THE TASK –
Please keep to the lines below from the one with "FJクルーザーでご来店頂き四輪アライメント調整のご依頼です。" through the one with "DS-7608NXI-K1/8P: NVR AcuSense", and restate them word for word, ends included.

RECORDS TO USE –
· · · · · · ·

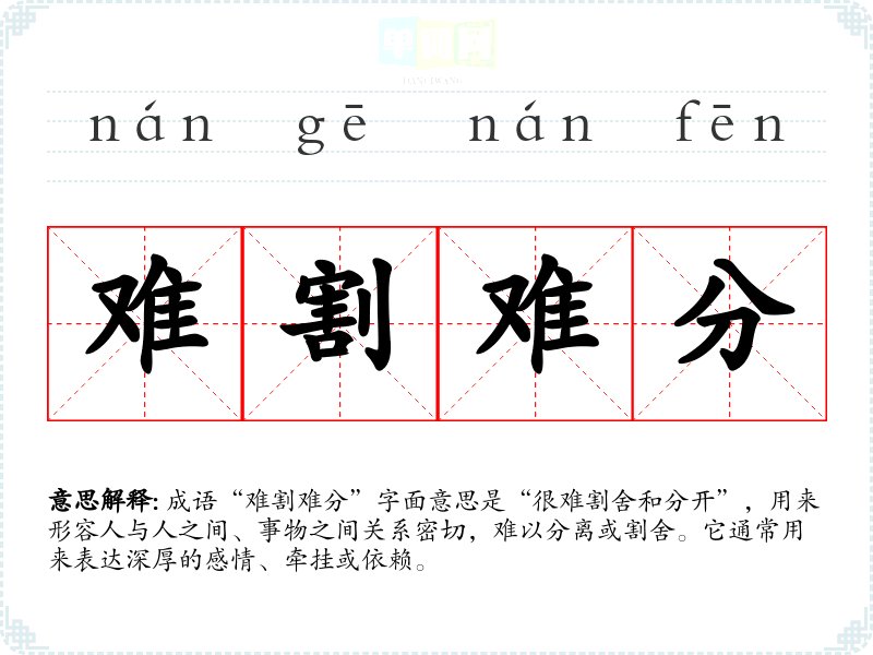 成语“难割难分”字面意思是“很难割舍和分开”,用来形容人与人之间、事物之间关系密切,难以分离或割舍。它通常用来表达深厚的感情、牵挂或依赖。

· · · · · · ·

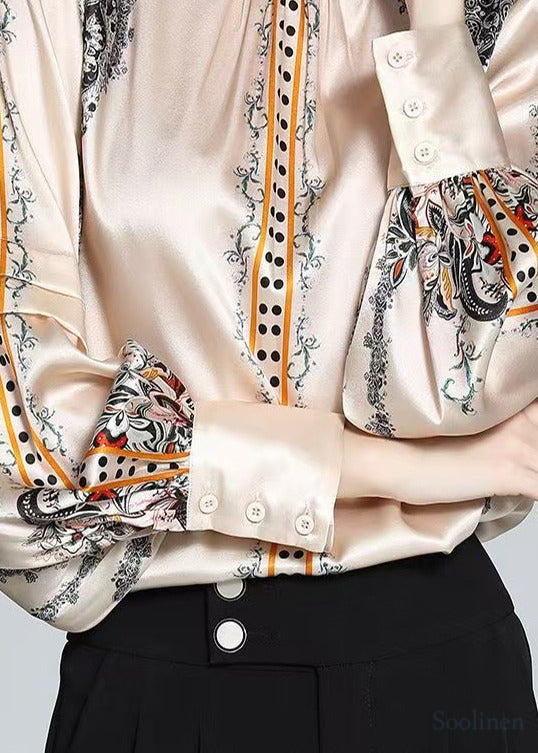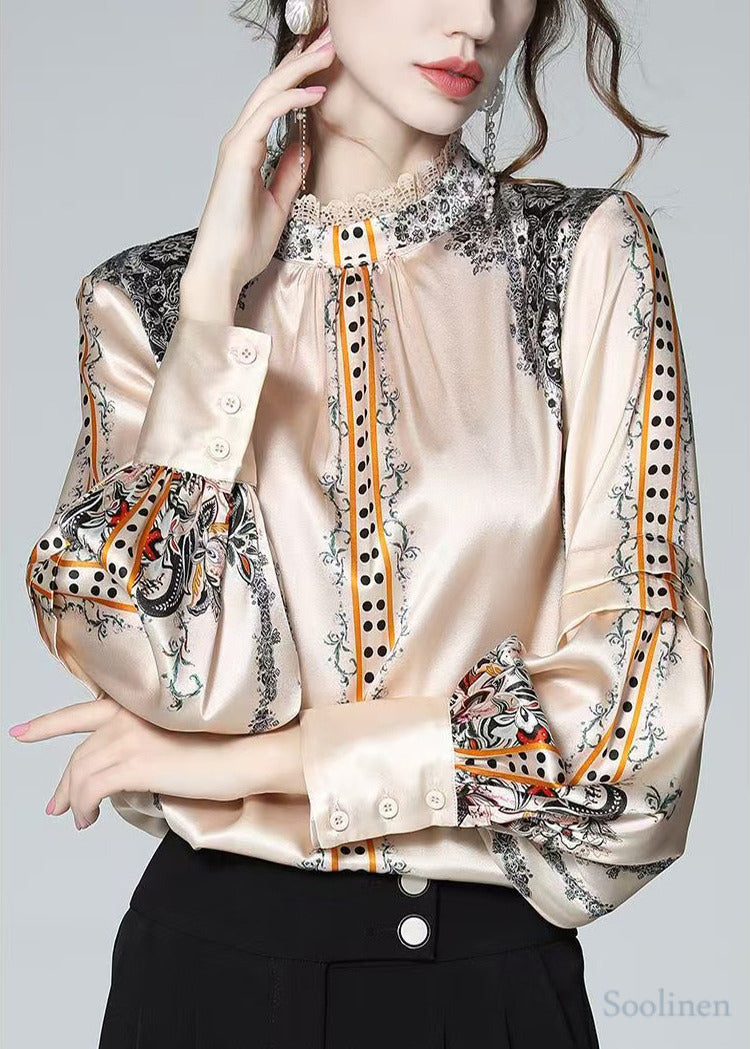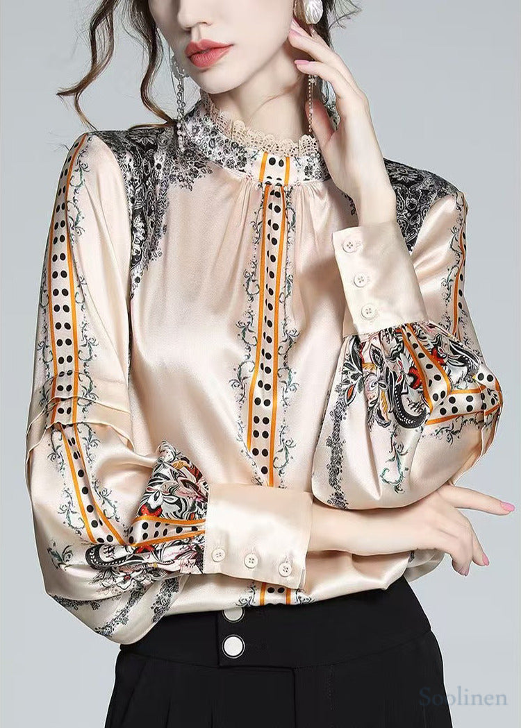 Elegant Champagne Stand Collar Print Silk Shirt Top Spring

· · · · · · ·

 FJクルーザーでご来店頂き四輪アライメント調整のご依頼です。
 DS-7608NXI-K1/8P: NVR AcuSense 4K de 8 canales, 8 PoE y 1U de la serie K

· · · · · · ·

WRITTEN RESPONSE –
 FJクルーザーでご来店頂き四輪アライメント調整のご依頼です。
 DS-7608NXI-K1/8P: NVR AcuSense 4K de 8 canales, 8 PoE y 1U de la serie K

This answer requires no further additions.